Striker asal Polandia itu mengunjungi Allianz Arena, Senin (1//8/2022) waktu setempat. Lewandowski juga secara pribadi menyapa CEO Bayern Oliver Kahn, Direktur Olahraga Hasan Salihamidzi, rekan satu timnya yang lama, dan tim pelatih yang dipimpin oleh Julian Nagelsmann.

Chef reporter Sport1, Kerry Hau, kemudian mengunggah salah satu momen Lewandowski pada masa kunjungan ke markas Bayern.
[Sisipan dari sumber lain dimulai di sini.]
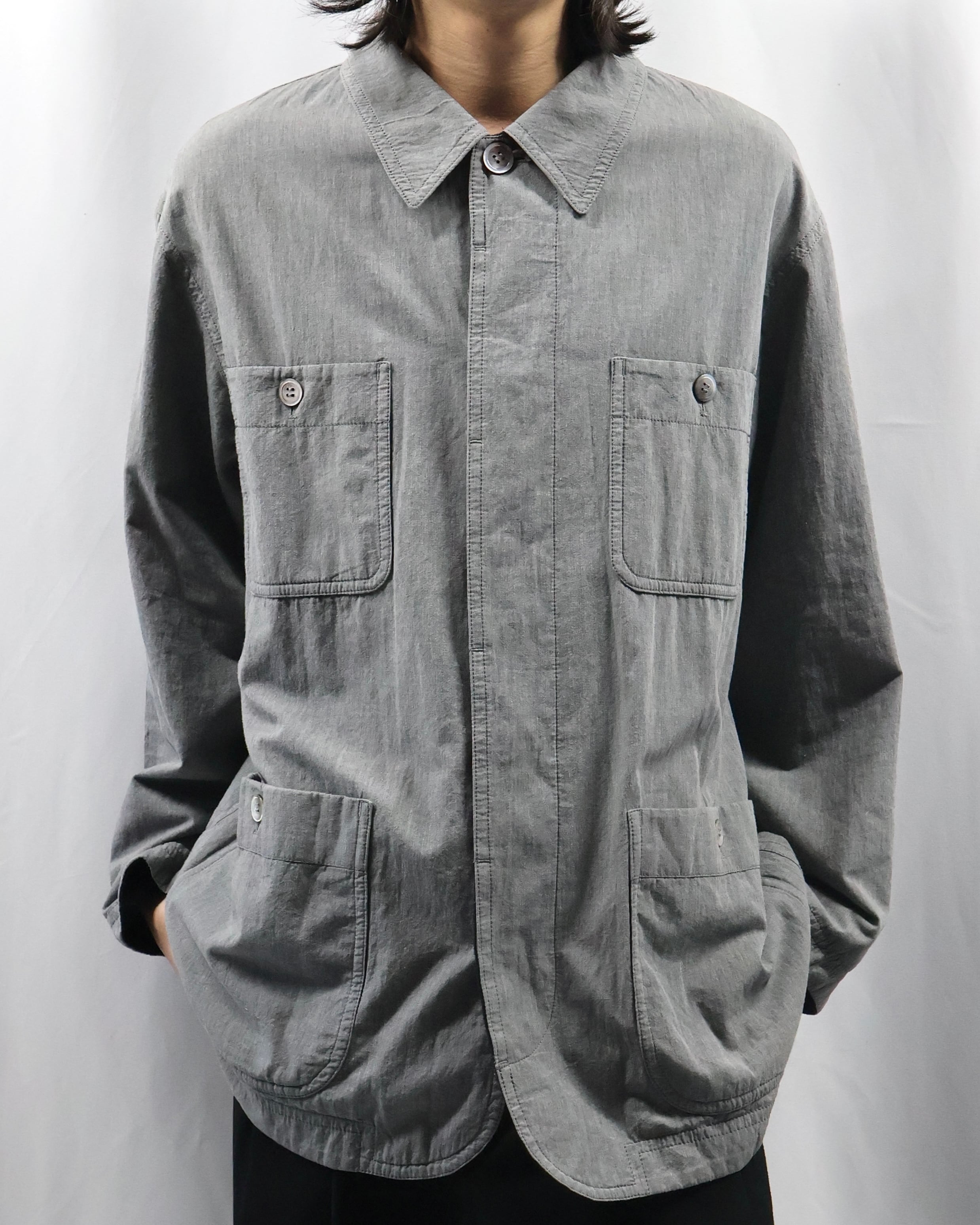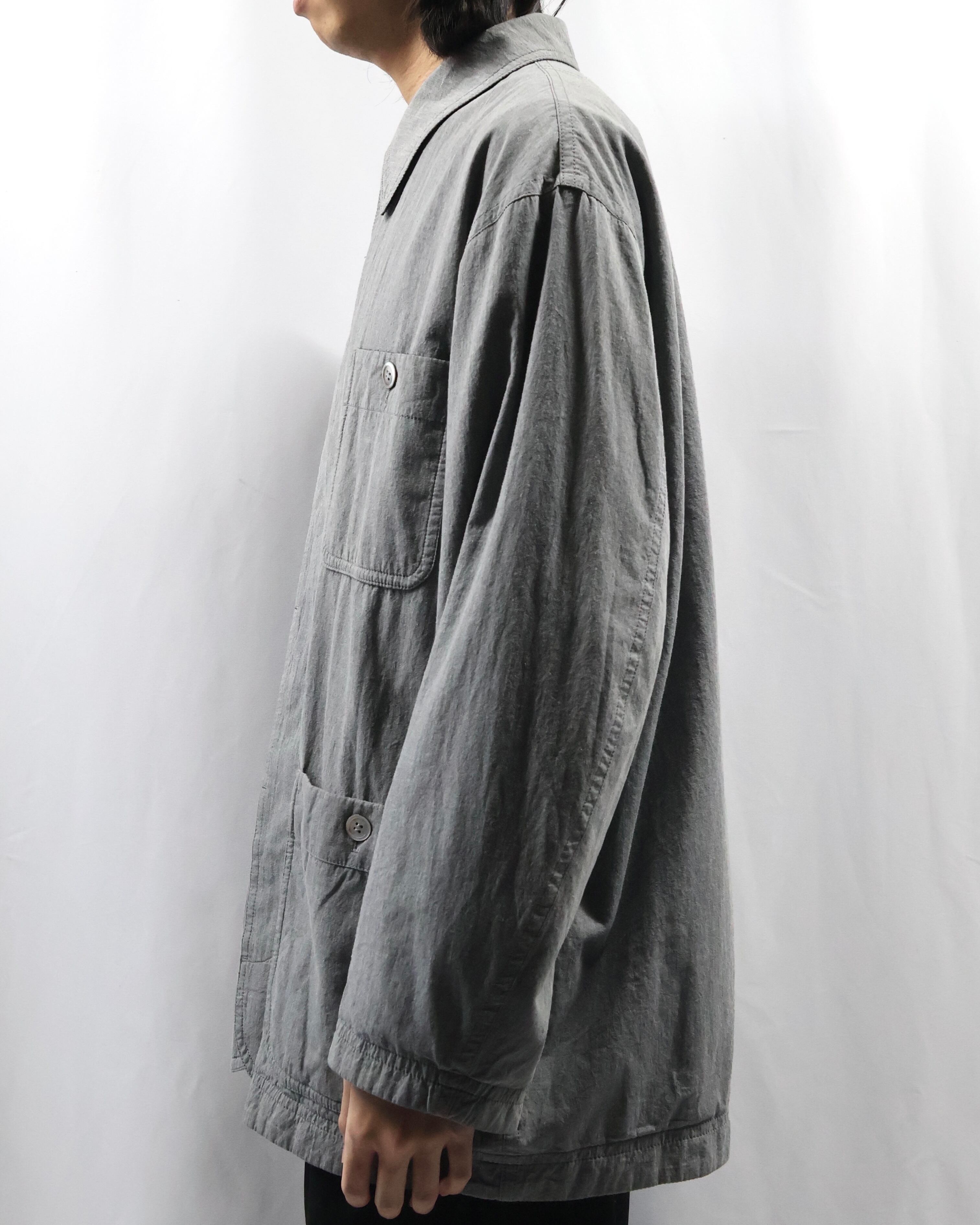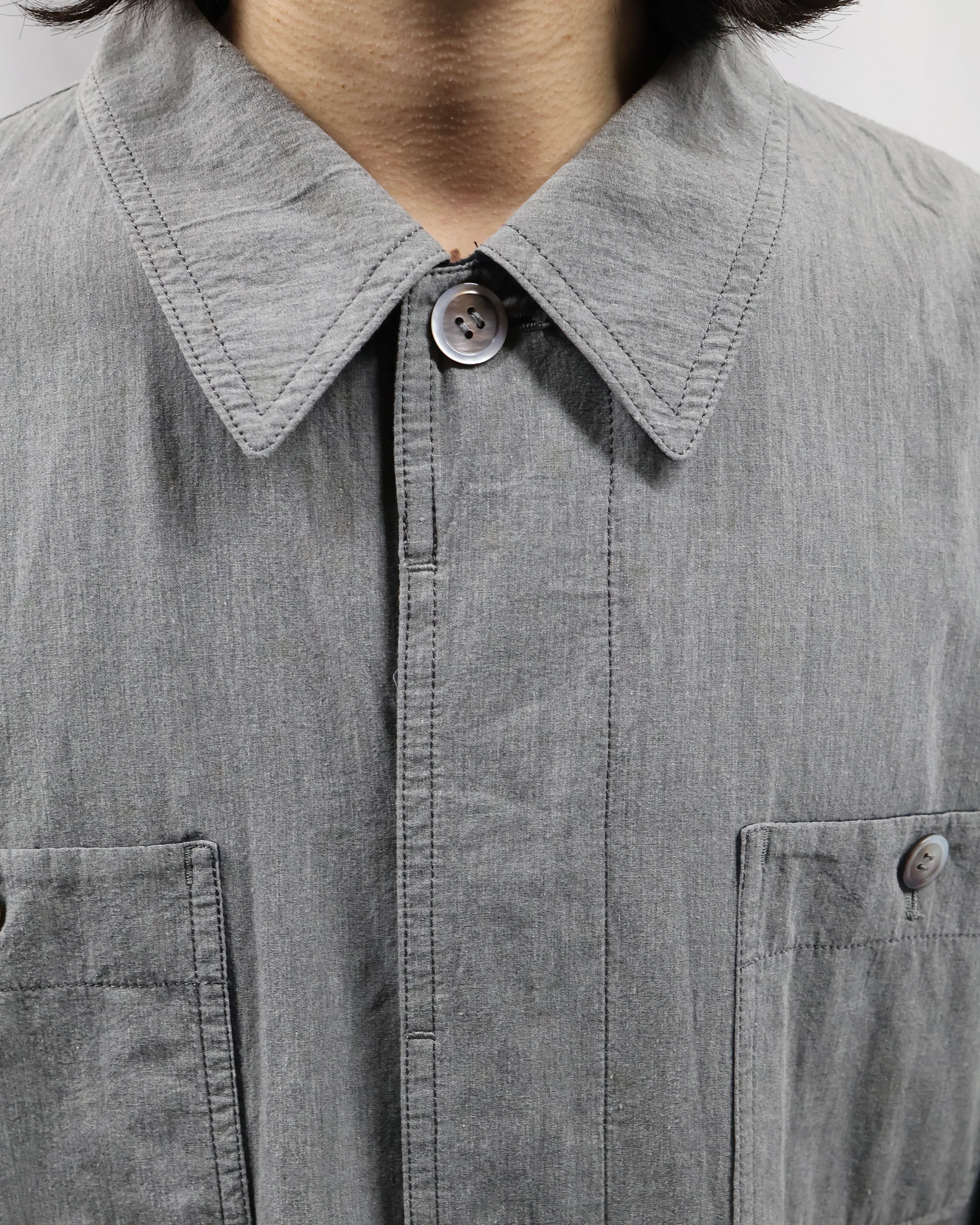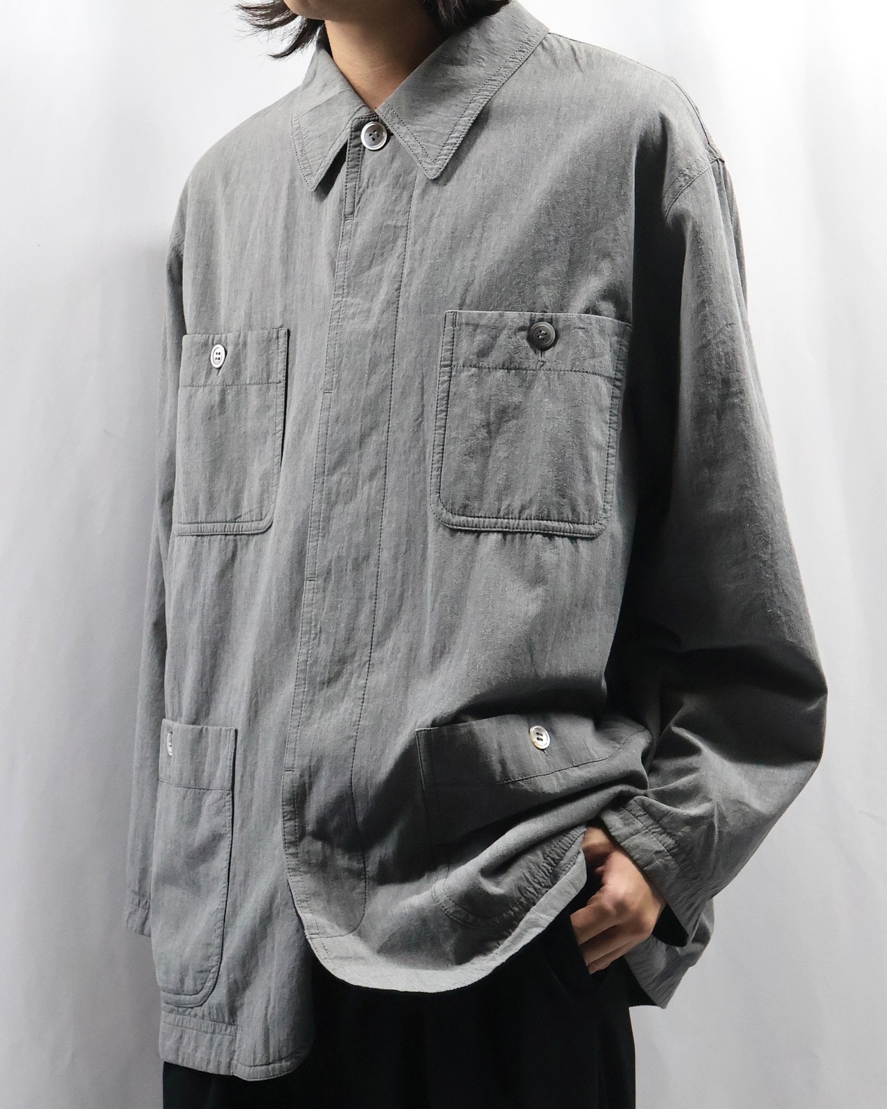 ミニマルなデザインが特徴で、程よく洗いのかかったグレートーンのコットン生地が柔らかい風合いとヴィンテージな雰囲気もあるアイテム。リラックスしたサイズ感でシーズンレスで着用出来る一着。
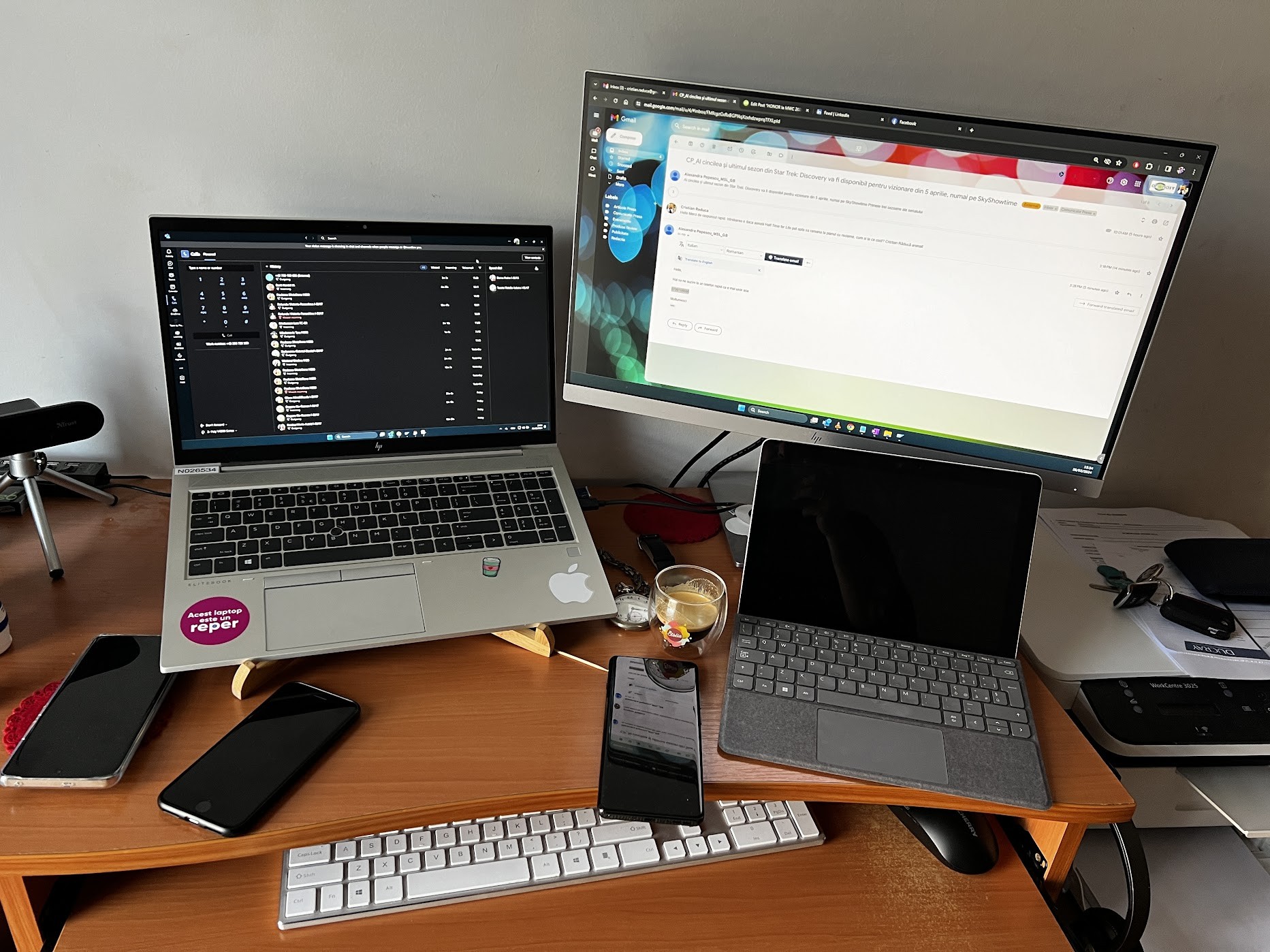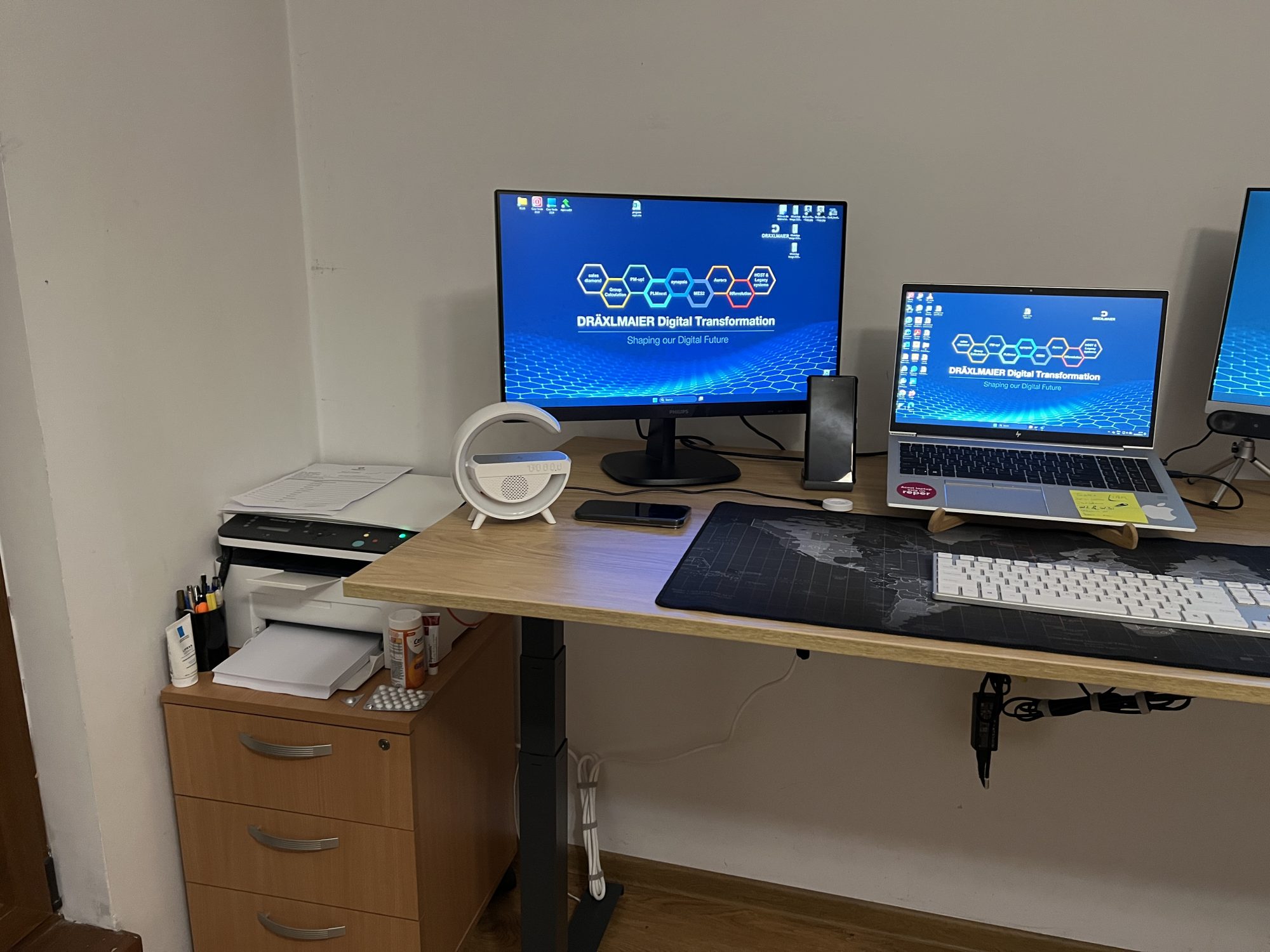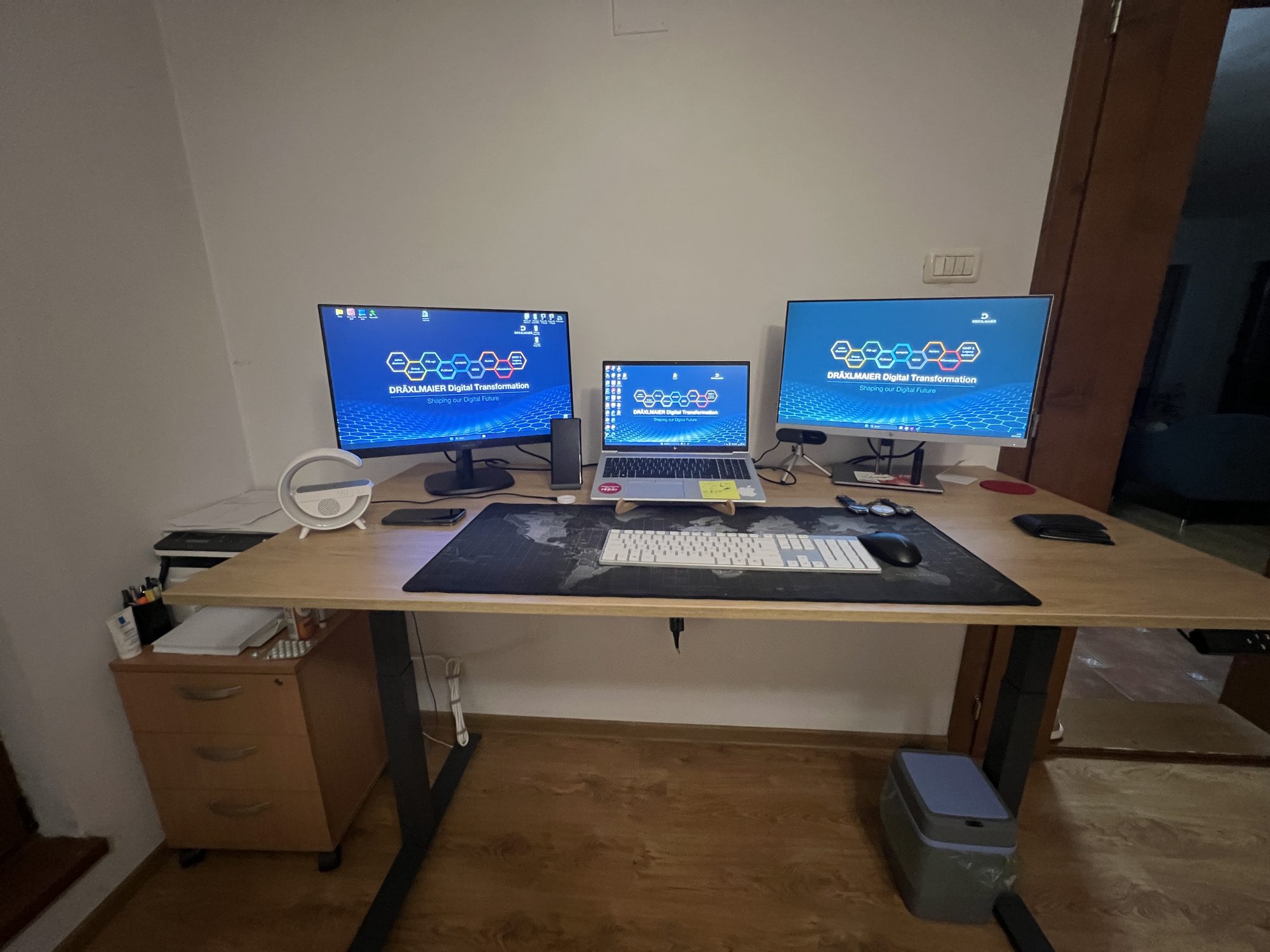 Ei bine, acum un an am văzut la Darius articolul acesta, dar prins fiind în ”filmul” meu, am parcat ideea undeva, până luna trecută. Am la activ deja o hernie de disc lombară și, de obicei, ședințele de acasă le fac umblând prin birou (mă ajută și căștile bluetooth, ca să fiu sincer 😛 ). Tot plimbându-mă așa, am realizat că num-ar ajuta deloc un birou clasic, pentru că, uneori, tot ce aș face ar fi să dau ture în jurul lui. Așa că am revenit la ideea lui Darius, am sunat la o firmă care știu că face așa ceva și care este de încredere (Class Office, pentru cei interesați), am primit o ofertă și am așteptat vreo două săptămâni până mi-au livrat biroul. Vă las mai jos pozele din randare și cu el deja montat, ca să vedeți că a ieșit fix cum au promis.

Dalam video berdurasi 10 detik, terdengar ada suara beberapa orang yang meneriaki Lewandowski "Hala Madrid", yang merujuk kalimat seruan untuk Real Madrid selaku rival Barcelona.

Lewandowski pada saat diteriaki itu sedang mengendarai mobil berwarna merah. Striker berusia 33 tahun tersebut juga tak lupa melambaikan tangannya kepada orang-orang di sekitar.

"Ya, saya mendengarnya dan saya tertawa. Tapi ada juga beberapa orang yang meneriakkan nama saya. Itu sangat bagus," kata Lewandowski kepada Sport1.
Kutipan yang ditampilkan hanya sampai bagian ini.